The observed interobserver variability in D-test interpretation underscores the need for clear implementation standards to ensure reproducibility and emphasizes the need for training and refresher sessions to standardize interpretation. The incremental diagnostic yield beyond EUCAST-guided MIC categorization was modest overall, as most isolates with a positive D-test were already classified as resistant. However, in Gram-positive anaerobic cocci, the assay provided meaningful discrimination between inducible and constitutive resistance phenotypes.

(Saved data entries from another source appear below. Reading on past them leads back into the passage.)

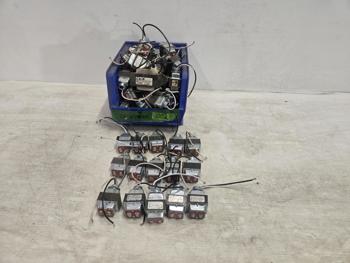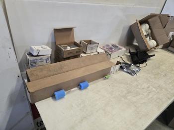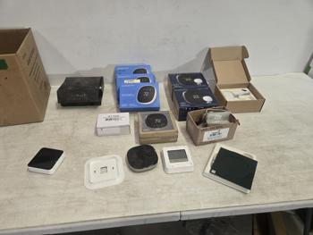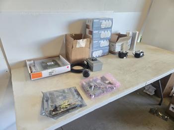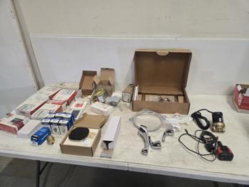 qty of wall thermostats, faucet parts, (2) chargers, unused water circulating pump, (7) 1/8 inch automatic float vents, qty of electrical valves and parts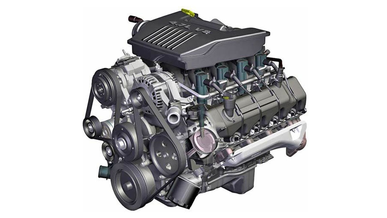 The 4.7-liter engine is nearly identical in design to the 3.7-liter. Most parts interchange between the two. The 4.7 engine brings a good mix of power and economy with 235 hp and 295 ft./lb. of torque. These numbers were raised in 2008 to 310 hp and 330 ft./lb. of torque, making it a close competitor to the Hemi. Fuel economy is decent for the engine size at 14 mpg city and 19 mpg highway.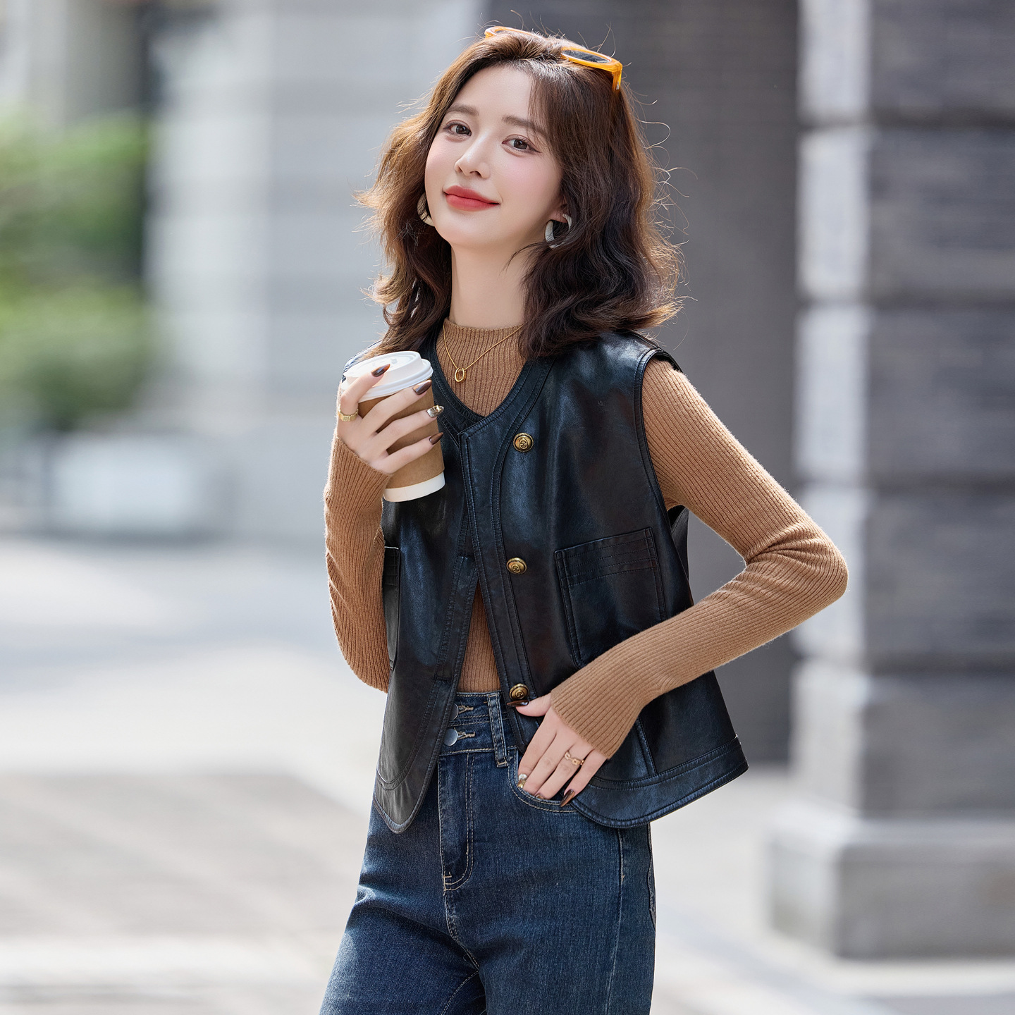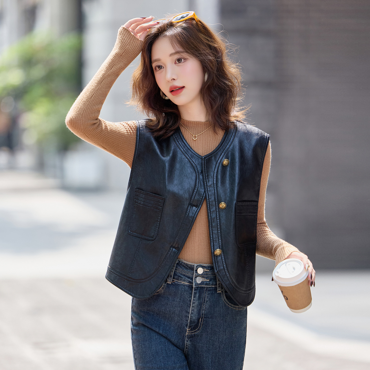 她之蝶女装新款紫澜门淑女坊官网正品机车服无袖外穿马夹外套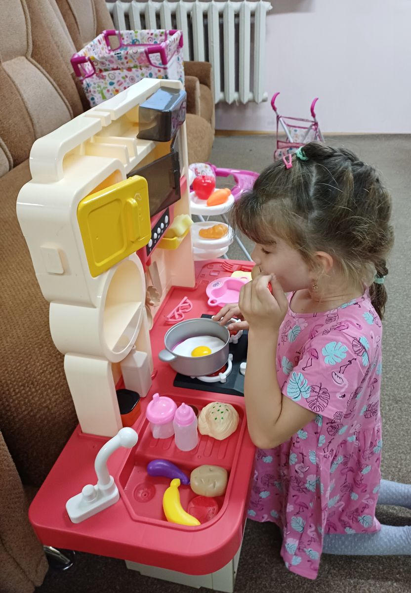 07.07.2021 года. Ролевые игры вплетены в повседневную жизнь каждого человека любого возраста. Что говорить о дошкольниках, для которых сюжетно - ролевая игра является основным видом деятельности и условием познания окружающего мира, это деятельность, в которой дети берут на себя те или иные функции взрослых людей в специально создаваемых ими игровых воображаемых условиях воспроизводят деятельность взрослых и отношения между ними. Общение ребенка это способность не только вступать в контакт и вести разговор с собеседником, но и умение внимательно слушать, использовать мимику и жесты для более эффективного выражения своих мыслей. С помощью сюжетных игр ребенок расширяет кругозор, изучает сферу человеческих взаимоотношений, развивает коммуникативные навыки. Сюжетные игры как способ постижения окружающего мира. Суть сюжетно-ролевой игры заключается в придумывании ребёнком вымышленной ситуации, выборе атрибутов и действии в соответствии с замыслом. Дети играют в «Магазин игрушек». Отличительной особенностью сюжетно-ролевой игры является то, что ее создают сами дети, а их игровая деятельность носит ясно выраженный самодеятельный и творческий характер. Педагог: воспитатель Просветова Н.А.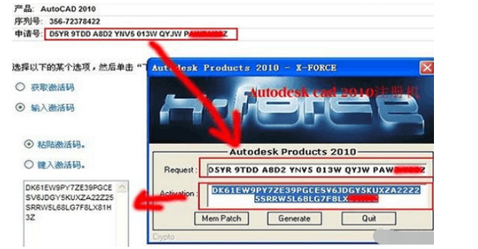 3、然后啟動(dòng)注冊機(jī),在“request”中粘貼剛剛記下的申請碼,首先點(diǎn)擊“patch”,然后再點(diǎn)擊“generate”,此時(shí)會(huì)出現(xiàn)一個(gè)激活碼,我們復(fù)制激活碼然后返回autocad2010;

Taken together, the combined application of MIC testing and targeted D-test assessment represents a rational strategy for detecting inducible MLSB resistance in anaerobes. In the absence of formal guidance, one possible approach could be to report clindamycin as resistant or to include an interpretive comment in Gram-positive anaerobic cocci with a positive D-test despite a susceptible MIC. In our cohort, the added value of D-testing was largely confined to erythromycin-resistant, clindamycin-susceptible Gram-positive cocci, where inducible resistance may escape MIC-based classification. Given the limited number of isolates analyzed, particularly the small number of inducible (type D) phenotypes, these findings should be considered preliminary and seek confirmation.

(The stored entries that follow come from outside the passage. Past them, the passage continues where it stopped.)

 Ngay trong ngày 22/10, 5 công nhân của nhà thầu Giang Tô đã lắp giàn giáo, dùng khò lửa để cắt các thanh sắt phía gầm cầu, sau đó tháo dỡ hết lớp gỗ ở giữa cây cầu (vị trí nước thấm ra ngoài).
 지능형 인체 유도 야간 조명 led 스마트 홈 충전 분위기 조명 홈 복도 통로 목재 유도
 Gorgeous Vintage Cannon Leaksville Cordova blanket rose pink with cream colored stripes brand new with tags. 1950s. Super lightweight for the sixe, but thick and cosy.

Larger, prospective studies are needed to define its clinical impact and to refine diagnostic algorithms in this understudied group of pathogens. In parallel, systematic whole-genome sequencing of routine clinical isolates, integrated with phenotypic susceptibility data, enables the delineation of resistance and virulence determinants in a manner that extends beyond individual cases [
16,
17,
18,
19], generating knowledge that remains applicable even when sequencing is not performed and thereby informing future therapeutic and diagnostic decision-making.
4. Materials and Methods
This study represents a secondary analysis of data from a prospective strain collection of routine clinical isolates obtained from patients with anaerobic bacterial infections. A total of 56 anaerobic bacterial strains were collected between August and December 2023 from blood cultures, swabs, and implant materials.

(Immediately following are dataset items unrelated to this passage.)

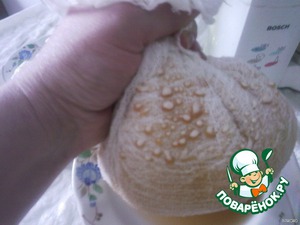 Затем массу откинуть на марлю и отжать жидкость (крахмал)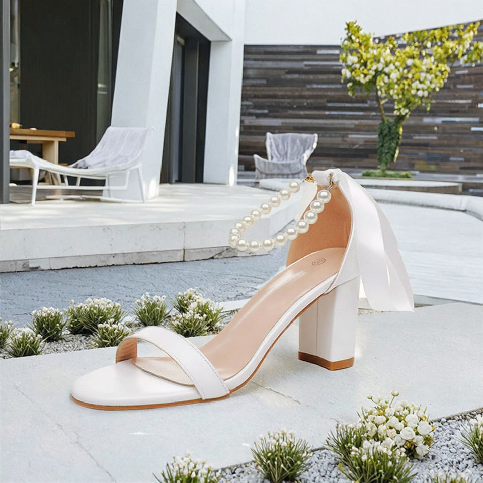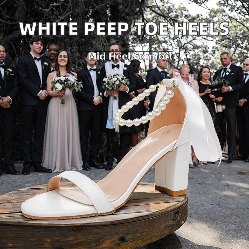 รองเท้าส้นสูงสีขาวสำหรับผู้หญิง, รองเท้าเจ้าสาวเปิดนิ้วเท้า4ซม. 7ซม. 9ซม. รองเท้าส้นสูงสายรัดข้อเท้าแบบเรียบสำหรับฤดูร้อน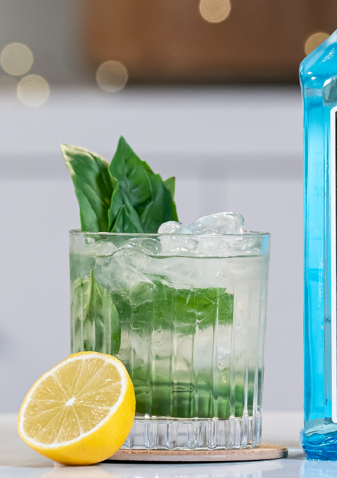 Gin & Basil Smash. The cocktail name is also the method, who thought of that! Take some Gin, Lemon, and Basil, muddle it up and you're good to go.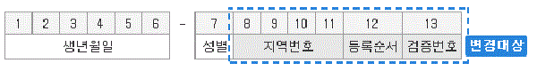 따라서, 13자리 번호 중에서 생년월일‧성별을 제외한 지역표시번호 등을 달리해 새로운 주민등록 번호로 변경토록 했다.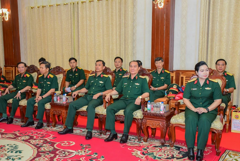 Thiếu tướng Trần Ngọc Minh, Phó Tư lệnh Quân khu và thủ trưởng các cơ quan Quân khu tham gia đoàn chúc Tết các đơn vị Quân đội Hoàng gia Campuchia.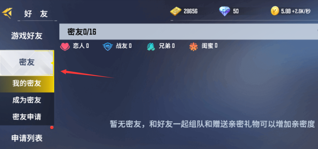 当与好友亲密度值满100时,可以申请和好友建立密友关系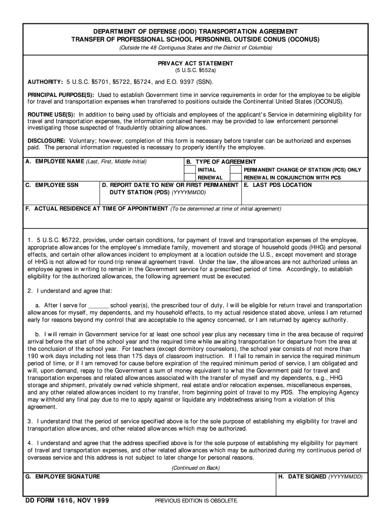 Find out other dd form 1616 nov 1999

4.1. Culture and Identification
Microscopy, aerobic, and anaerobic culture of the specimens were performed following standard microbiological procedures. Anaerobic cultures were incubated and handled in an anaerobic workstation (Whitley A95, Don Whitley Scientific Ltd., Bingley, UK). Species identification was based on colony morphology and confirmed by matrix-assisted laser desorption/ionization time-of-flight mass spectrometry (MALDI-ToF MS; Bruker Daltonics, Bremen, Germany). Isolates with inconclusive MALDI-ToF MS results underwent 16S rRNA gene PCR and sequencing as described by [
20].
4.2. In Vitro Antimicrobial Susceptibility Testing
Minimum inhibitory concentrations (MICs) were determined by gradient diffusion using commercial strips (Liofilchem, Roseto degli Abruzzi, Italy). Interpretation followed EUCAST v15.0 (2025) and CLSI M100, 35th edition (2025) criteria. Species-specific breakpoints for clindamycin were applied as recommended:
Bacteroides spp. (susceptible ≤ 4 mg/L),
Prevotella spp.,
Fusobacterium necrophorum and
Cutibacterium acnes (≤0.25 mg/L), and other anaerobic species (≤2 mg/L). For erythromycin, isolates were considered suspicious for MLSB-associated resistance at MICs ≥ 48 mg/L in Gram-negative anaerobes, including
Bacteroides spp., and ≥12 mg/L in Gram-positive anaerobes. These thresholds correspond to the EUCAST expert-rule cutoffs (>8 mg/L and >32 mg/L, respectively) but were rounded to the next higher dilution steps used in gradient strip MIC testing to facilitate routine interpretation [
5].
4.3. D-Test for Inducible Clindamycin Resistance
D-tests were performed on Brucella agar using erythromycin (15 µg) and clindamycin (2 µg) disks positioned 12–20 mm apart, as previously described [
21]. Plates were incubated under anaerobic conditions at 35 °C and examined after 24–48 h; incubation was extended to up to 72 h when required to allow adequate growth or clearer expression of inhibition zone morphology. Results were independently interpreted and photographically documented by two biomedical scientists. In cases of discordant, the result was reviewed by a third reader, a clinical microbiologist, whose assessment served as the final interpretation.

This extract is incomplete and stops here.